Das armas e dos Brasões assinalados

By sufragista - fevereiro 14, 2023




A propósito do recente "restauro" do Jardim da Praça do Império, em Belém recordei-me dos dias que passei ali em Outubro passado. Cruzei a envolvente do jardim várias vezes e espreitei-o pelos tapumes que o deixavam entrever. A minha conclusão, sobre aquilo que foi feito é que este não é mais do que o culminar de vários projetos de refascização do espaço público, apenas mascarado de "restauro" e "reabilitação" do património.

Há dois anos atrás houve um evento muito importante (para mim), organizado pela Galeria Municipal do Porto e um coletivo interseccional da cidade à volta da ideia de memória colonial dos espaços públicos, nomeadamente dos jardins do Palácio de Cristal no Porto, que em 1934 albergou a I Exposição Colonial Portuguesa. O evento chamava-se Um Elefante no Palácio de Cristal, e aludia, literalmente, a um grande elefante que fazia parte da fachada temporária do Palácio, onde se albergou a dita exposição. Aludia também, claro, a todos os fantasmas que ainda se escondem naquele jardim, pela cidade toda, da baixa até à Praça do Império, na Foz, onde até hoje sobrevive — para além da toponímia — um mausoléu colonial aberrante que fora criado em 1934 para a mesma Exposição Colonial, um evento marcante que incluia um zoo humano, com uma arrepiante encenação de lugares e povos "exóticos”, trazidos para a Invicta para dar a ver o “Império”. Esse mausoléu, uma escultura que é uma verdadeira ode à experiência portuguesa do colonialismo, fora replicada em pedra em 1940, e após a exposição, guardada nos acervos da CMP até aos anos 80, quando foi resgatada para figurar no centro de uma rotunda da cidade do Porto com o nome de Praça do Império.

Esse movimento de resgate e recuperção do irrecuperável é uma tentação política recorrente, e aquilo que vemos hoje, no Porto e em Lisboa, não são mais que exercícios de estilo que trazem um "ar do tempo" que preferiamos que nunca voltasse. As obras de recuperação dos jardins do Palácio de Cristal são também um reflexo dessa visão que parece pretender reviver um passado torpe com a desculpa da "reabiitação". O que a CMP faz actualmente em termos de manipulação cultural do legado do liberalismo de 1820 é outra faceta dessa mesma cultura de "reabilitação" do passado seletivo. 

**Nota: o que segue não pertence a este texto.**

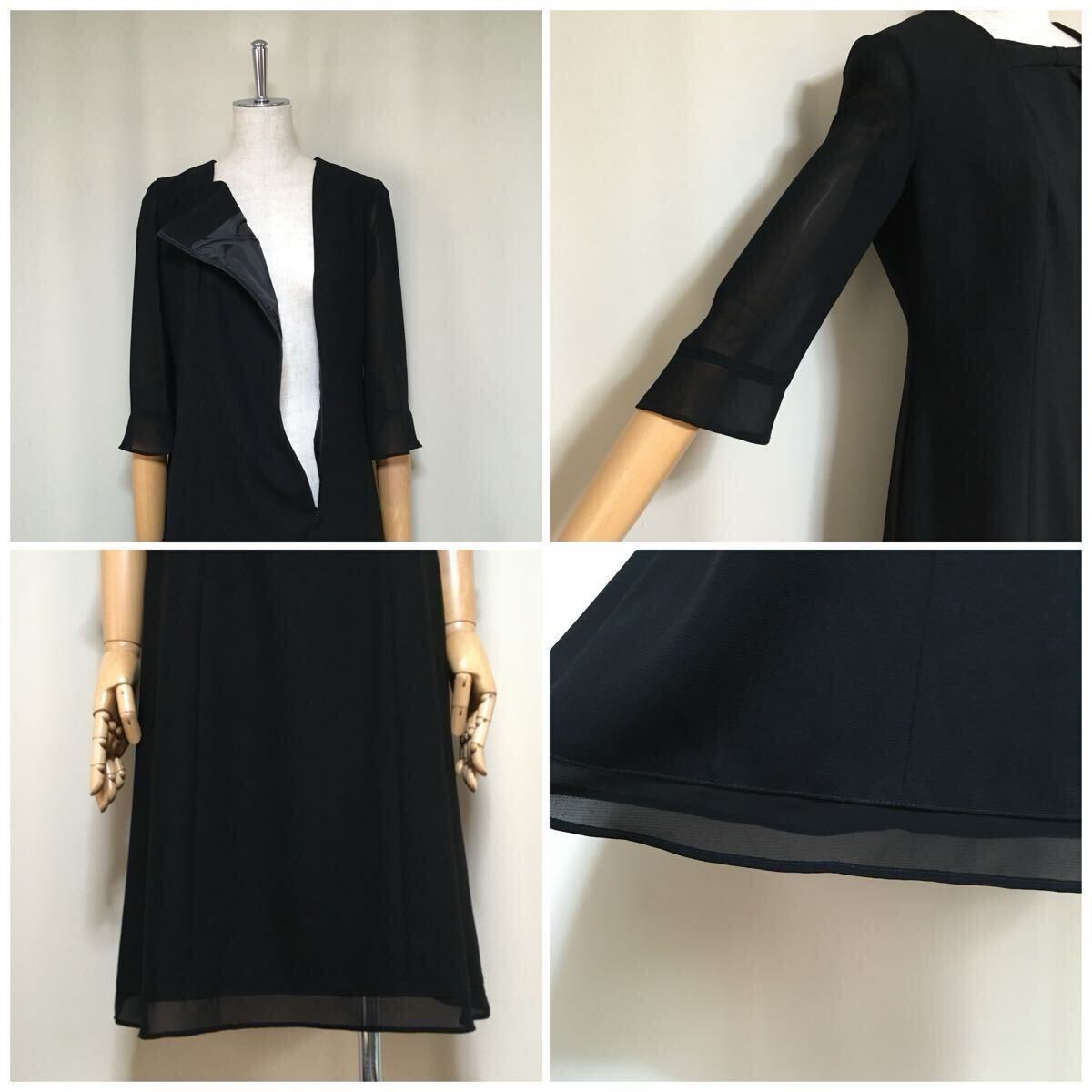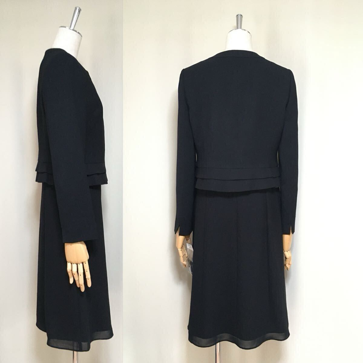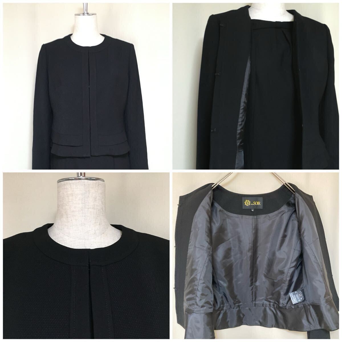 極美品◇東京ソワール ブラックフォーマル セットアップ ワンピーススーツ ノーカラージャケット 9号/Mサイズ相当 黒 喪服 冠婚葬祭 前開き

Esta cultura de “reabilitação” de um passado idealizado não é nova, e tem permeado a cultura material e urbana dos últimos anos, do design à arquitetura, num mar de “recuperações” e “revivalismos” que rapidamente resvalam num identitarismo primário que nos leva sempre de volta à autorização do passado, e do seu legado político e social, como uma consequencia inevitável do presente, como se dissessemos: só podemos estar aqui graças a este passado, em vez de nos instar a uma visão crítica que ponha em causa o formato desse passado — em vez de o aceitar numa fórmula única, que, no fundo não é mais que dar continuidade à narrativa unificante, de homogenização cultural e territorial, que o modelo de identidade cultural idealizado por António Ferro e instaurado por Salazar alcançaram de forma hegemónica neste país.

O que observamos no espaço público, da toponímia ao desenho urbanístico, dos monumentos aos edifícios, é ainda um país em tudo igual ao país que criou A Portuguesa, o tal hino maldito, que só agora começa a ser ouvido criticamente por parte de quem a cultura nacional sempre tratou como “outro”. E talvez seja apenas a partir de fora que esta cultura possa realmente ser removida, mexida, e alterada — pelo olhar dos que devem pôr em causa esta hegemonia doente: se permitirmos que nos olhem com um olhar vindo do mesmo passado, com direito à mesma genealogia, vamos encontrar o olhar dos que estiveram à mercê de uma ideia de Império e de superioridade cultural que não cabe mais neste século, nem nesta década, nem neste ano. Somente permitindo o olhar e a palavra “do outro” poderemos voltar a ser, sem a muleta de um projeto baseado na diminuição de uns para a ascensão de outros. Só nesse processo poderemos fazer cidades em paz com todes, sem espaços de culto ao que de mais podre possamos trazer do passado.